Their gonadotropin initiation time was comparable with the lean patients. Adequate ovarian suppression in 10 days did not show any specificity from the ovarian reserve point of view. Ovaries with a high number of follicle count, like in polycystic appeared ovaries were not different from the other lower follicle counted ovaries in GnRH-a suppression duration and doses. An ovary containing lots of prenatal follicles did not needed higher GnRH-a doses, and the expectation of a prolonged suppression period was not reliable. The increased hospital visit count in patients of prolonged suppression period was the only negative side. Prolongation caused almost three times more hospital attendance in these patients.

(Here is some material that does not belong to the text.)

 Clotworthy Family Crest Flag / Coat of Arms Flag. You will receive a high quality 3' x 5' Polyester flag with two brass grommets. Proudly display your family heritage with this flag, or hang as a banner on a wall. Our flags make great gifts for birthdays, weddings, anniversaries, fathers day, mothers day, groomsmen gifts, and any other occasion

In summary, prolonged GnRH-a administration during ovarian suppression may have positive impacts on the oocytes and the embryos. But this effect was not observed in the overall pregnancy rates. Long suppression period with more hospital visits may tire the patients, but it may be a chance to achieve more qualified oocytes and embryos.